Mike Ward’s actions fit this to a T. He used official sources and their real quotes for the meat and potatoes of his pieces. However, he made up “regular people” and their thoughts out of whole cloth to provide that “spice” in the story. As I mentioned at the time, I get that it’s not a lot of fun to go find those “salt-of-the-earth, real people” at the Waffle House and ask them what they think of a pandemic or something. However, it’s part of the job and if you can’t do it, the very least you should do is avoid faking it.

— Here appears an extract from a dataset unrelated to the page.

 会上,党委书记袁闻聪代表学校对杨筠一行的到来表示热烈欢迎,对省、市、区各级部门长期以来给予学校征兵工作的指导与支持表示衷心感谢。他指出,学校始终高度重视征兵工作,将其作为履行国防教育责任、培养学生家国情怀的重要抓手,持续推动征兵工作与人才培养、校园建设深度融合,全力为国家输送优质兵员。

Glass did “color” pieces, something that’s pretty clear if you review his list of articles. He said he claimed to be a biting expert after Mike Tyson bit Evander Holyfield and he got a radio station to put him on a talk show where he took calls for almost an hour. He said he spent time hanging out with drunk and stoned young Republican turks at the CPAC convention, who sought a “real heifer” of a girl to sexually assault. (“Bad acne would be a plus,” his source was quoted as saying.) He claimed to spend time with bond traders who had to pee in specially made urinals to keep them trading instead of heading to the bathroom. On and on these tales went, each more fantastical than the previous one.

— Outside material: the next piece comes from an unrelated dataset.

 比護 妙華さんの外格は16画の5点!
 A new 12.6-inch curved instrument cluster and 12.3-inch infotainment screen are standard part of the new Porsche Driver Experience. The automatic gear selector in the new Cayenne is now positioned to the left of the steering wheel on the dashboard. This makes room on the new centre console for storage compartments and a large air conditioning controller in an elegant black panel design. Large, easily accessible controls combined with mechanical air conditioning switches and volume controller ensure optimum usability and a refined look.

None of it was true, but even more, none of it was necessary. It wasn’t like he was Gary Webb, tracking allegations of a CIA-fueled crack epidemic. He wasn’t trying to get information on the Son of Sam by posing as a bereavement counselor and interviewing a victim’s family. If there had been a kid named Ian Restil who hacked a company named Jukt Micronics, would it have been crucial for everyone to know it? Not really.

A rare exception to this was Blair’s work on the D.C. Sniper case, where he wrote various false claims, including an allegation that authorities found a grape stem at the scene of one of the attacks with shooter Lee Boyd Malvo’s DNA on it.

Overall, however cost-benefit analysis these people took seemed to be all out of whack when it came to what they were doing and what would be added to the sum of human knowledge. What it seemed to do, based on what they’ve said over the years, is fed their egos in some prurient way, which they put above their responsibility to their readers.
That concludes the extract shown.